Just such a fizzle was feared. As I discussed back in Chapter 1, the theorists were concerned that with little or no compression too much energy might be radiated away, leaving behind not enough to keep the flame going.

This was the situation in early 1950. Since computers were then mostly women with desk calculators, and scientists had only their slide rules, it had not yet been possible to carry out calculations with enough precision to reach a definite conclusion about whether any version of the classical Super would work. Some people—including the distinguished mathematician John von Neumann, his wife Klari, the Los Alamos physicists Harris Mayer and Nick Metropolis, and Cerda and Foster Evans (a husband-and-wife team from Los Alamos)—made a herculean effort over the years 1946 to 1950 to wring some answers from what was the world’s first true computer, the ENIAC—built in Philadelphia and then stationed in Aberdeen, Maryland.^{20} But that computer, huge of girth and small of brain, was not up to the task, and prospects for the Super remained cloudy. Refined calculations, both with people and with better machines, were evidently necessary.

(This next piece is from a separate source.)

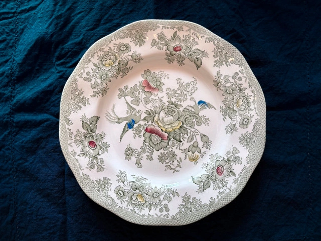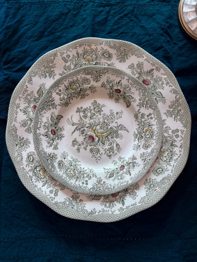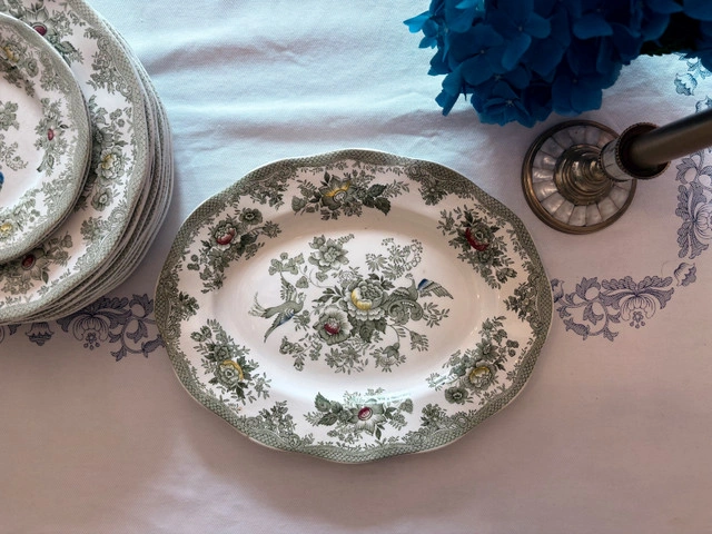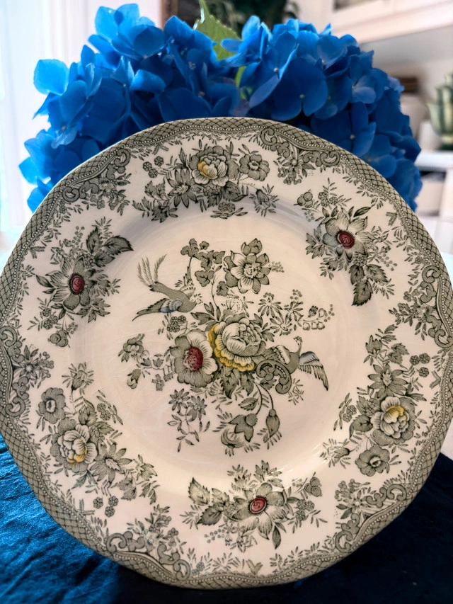 Set a stunning Thanksgiving table this October with vintage dishes that add timeless charm and elegance to your holiday feast. Featuring the stunning Kent Sage Green pattern with delicate florals and elegant asiatic pheasants, this set is a true collectible treasure for vintage lovers, dinnerware enthusiasts, and interior stylists alike. Perfect for display, entertaining, or adding a touch of classic elegance to your home! Set Includes (12 Pieces Total): - 2 Small Dessert Plates – 17.5 cm ($20 each) - 9 Large Dinner Plates – 25 cm ($25 each) - 1 Small Serving Platter – 31 cm x 24 cm ($45) ✨ Features & Details: ✔️ Maker: Enoch Wedgwood (Tunstall) Ltd. ✔️ Pattern: Asiatic Pheasants in Kent Sage Greenwood ✔️ Material: High-quality vintage English Ironstone ✔️ Condition: Immaculate – no chips, cracks, or fading Why You’ll Love It: This Kent Sage Green pattern is known for its timeless countryside aesthetic and rare availability in full sets. The pieces are exceptionally durable yet elegant, making them perfect for: - Vintage & cottagecore décor - Hosting stylish dinner parties - Enhancing your home’s charm Gifting to a collector or vintage enthusiast Price: $295 for the complete 12-piece set ✨ Comparable sets often sell for $350+ online — this is an excellent opportunity to own a rare vintage collection at a great value!

The people included no less than the esteemed mathematician Stan Ulam and the visiting physicists John Wheeler and Enrico Fermi. The machines included an upgraded ENIAC in Maryland and IBM CPCs (card-programmed calculators) in various locations, with MANIACs in Princeton and in Los Alamos under construction. The fuel of choice for calculations was deuterium with various admixtures of tritium. Lithium-6 deuteride, although more promising in the long term, was harder to analyze. The calculations were challenging enough just with D and DT fuels.